**What you should do**
For this exercise, copy the data exactly and omit any images.

**Source data**

•••••

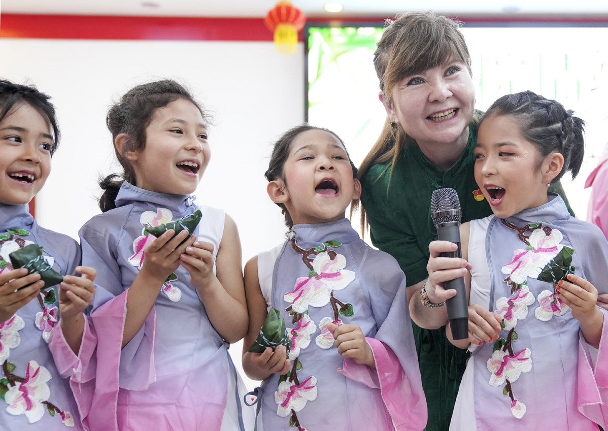 Children learn about the Dragon Boat Festival in Urumqi, Xinjiang Uygur autonomous region, on July 6, 2024. [Photo/Xinhua]
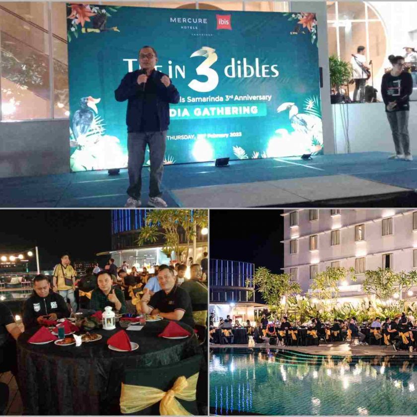 SAMARINDA, Swarakaltim.com – Dalam rangka menjalin tali silaturahmi dengan media, Management Hotel Mercure dan Ibis Samarinda, telah menggelar Media Gathering dan sekaligus termasuk rangkaian kegiatan Anniversary yang Ke-3, di Lantai 5 Hotel Mercure – Ibis Jalan Mulawarman, Kamis (23/2/2023) malam.
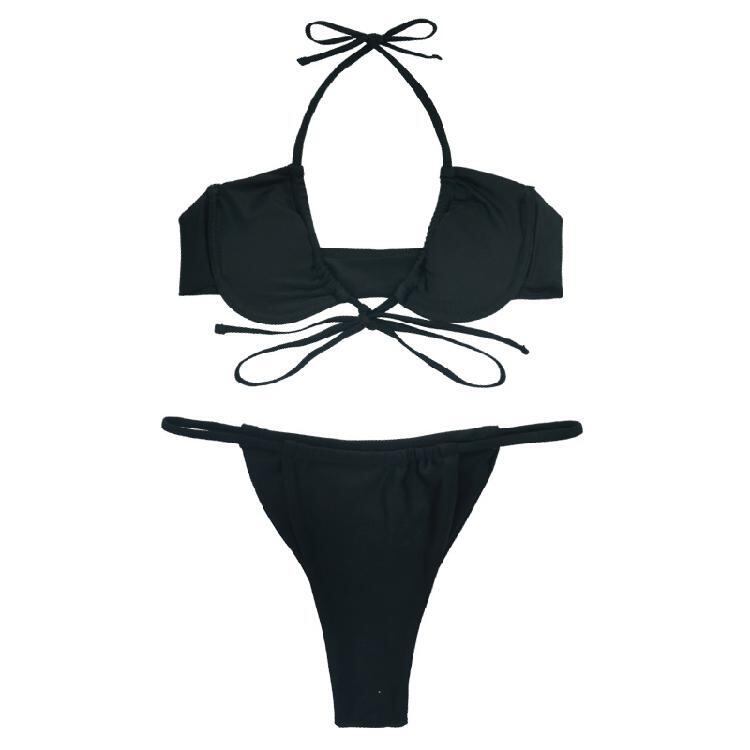 ビキニ セクシー ブラジリアン 水着 レディース 紐 かっこいい tバック 三角ビキニ マイクロビキニ 黒 ブラック ベージュ 無地 ホルターネック セパレート 水着 女性用 海外 モデル クール 露出 日焼け 撮影 衣装 グラビア パッド入り リボン

•••••

**Completed task**
 Children learn about the Dragon Boat Festival in Urumqi, Xinjiang Uygur autonomous region, on July 6, 2024. [Photo/Xinhua]
 SAMARINDA, Swarakaltim.com – Dalam rangka menjalin tali silaturahmi dengan media, Management Hotel Mercure dan Ibis Samarinda, telah menggelar Media Gathering dan sekaligus termasuk rangkaian kegiatan Anniversary yang Ke-3, di Lantai 5 Hotel Mercure – Ibis Jalan Mulawarman, Kamis (23/2/2023) malam.
 ビキニ セクシー ブラジリアン 水着 レディース 紐 かっこいい tバック 三角ビキニ マイクロビキニ 黒 ブラック ベージュ 無地 ホルターネック セパレート 水着 女性用 海外 モデル クール 露出 日焼け 撮影 衣装 グラビア パッド入り リボン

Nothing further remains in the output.